Сразу после жатвы Крестный покинул Жалада. Он кое-как дотерпел до этого дня, ночуя в хлеву.
— Теперь, — сказал Крестный Жану Шаррону, — самое трудное позади. После праздника всех святых вы подыщете себе другого работника.
— Ты бросаешь нас в самую страдную пору! — возмутился отец. — А молотьба, а уборка картофеля, а несжатая конопля, а каштаны, которые надо собирать… Подумал ты об этом?
— Ничего! Ваш работник силен, как турок. Он поднатужится малость, и все будет в порядке.
— Это из-за него ты уходишь…
— Нечего о нем толковать.
— Из-за него… и из-за Мариэтты…
— Мариэтта мне все равно что сестра, — живо возразил Крестный. — Вы хорошо это знаете…
— Жалко, что ты уходишь, Крестный. А что ты собираешься делать?
— У меня есть дядя, он плотник в Брёйле. Попрошусь к нему в ученики.
— Хорошее ремесло, — сказал отец.
— Да, неплохое.
— Ну что ж, раз тебе так хочется… Они вернулись в кухню.
— Господи, да разве так можно! — воскликнула мать, бросая суровый взгляд на Мариэтту.
Девушка поджала губы и отвернулась.
— Ну, до свиданья, матушка, — сказал Крестный.

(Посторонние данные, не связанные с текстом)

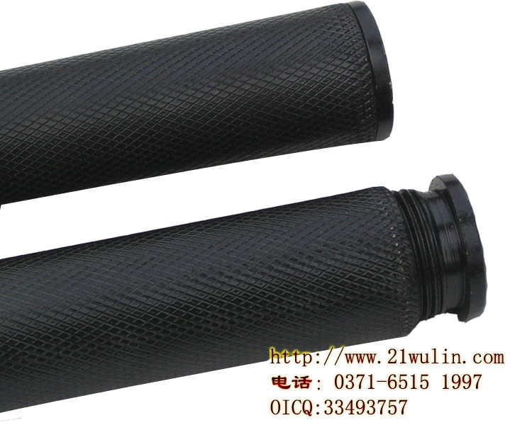 长度28厘米,链长18厘米和13厘米两种规格。直径2.5厘米,壁厚2毫米,前端缩口是一体的,后端尾帽是开螺纹拧上的,绝不会脱落。钢制轴承,铁链,链子是焊死的,是目前市面上最粗的链子,重一斤二两。 钢棍链端的空心销叫弹簧销,是45号钢淬火做成的,很结实耐磨。一般的实心销钉都是铜、铝、铁等稍软的材料做成的,这样容易在里面膨胀销紧。弹簧销是靠它本身的弹力,空心的销子有条缝,把缝夹紧一点打进去,然后销子会弹开撑紧,形成铆固。空心的不容易弯,理论计算太复杂,但搞金属加工的都知道这个结论。淬火钢耐磨性也要比铜铁等强很多,所以综合考虑下才用了弹簧销而没有用铁铆钉。那个弹簧销强度足够,如果力量大到把弹簧销拉坏,那么链子早就承受不住了;如果弹簧销磨损,那么链子已经磨损更厉害了。因为弹簧销是淬火钢,链子是铁制,这个位置可以保修,坏了厂家负责维修。

— До свиданья, сынок, — грустно ответила мать и поцеловала Крестного, потом еще и еще раз.
Отец похлопал Крестного по плечу и крепко пожал ему руку. Катрин повисла у него на шее, заливаясь слезами.
— Я не хочу, чтобы ты уходил! — рыдала она. — Не хочу!
— Я вернусь, — сказал Крестный, — обещаю тебе, что вернусь, моя Кати.
Он вытащил из кармана конфеты, насыпал ей полную горсть. Потом достал голубую ленту и протянул матери.
— Пусть заплетает в косы по праздникам, — сказал он.
— Незачем было тратить деньги, они тебе самому пригодятся, пока не устроишься.
Катрин сосала леденец, и соль ее слез примешивалась к приторной сладости конфеты.
— Ну, мне пора, — вздохнул Крестный.
Он неловко подал руку Мариэтте; девушка протянула ему кончики пальцев.
— До свиданья, Мариэтта!
— Прощай, — ответила она.
— Желаю всем здоровья и счастья, успехов и благополучия, — глухо проговорил Крестный.
— Спасибо, и тебе того же желаем, — ответили в один голос отец и мать.
— Спасибо! Спасибо! — повторила за ними Катрин, и Крестный ушел.
Фелавени, дворовый пес, вприпрыжку побежал за ним.
— Ушел, — пробормотал отец.
— Ушел, — как эхо повторила мать. Отец пожал плечами.
— Мариэтта, — сказал он сухо, — чего ты стоишь без дела? Помоги маленько матери, черт возьми!
Мариэтта ничего не ответила. Схватив тряпку, она яростно принялась стирать пыль с комода, потом со стола, с сундука, со стенных часов, со шкафа…
Осенью Обен пошел в школу, и пасти свиней вместо него приходилось Катрин. Рано утром свиньи выбегали, визжа и хрюкая, из свинарника позади фермы, толкаясь, огибали кухню, на мгновение замирали в нерешительности у края дороги и снова устремлялись вперед, вслед за толстой маткой, в каштановую рощу.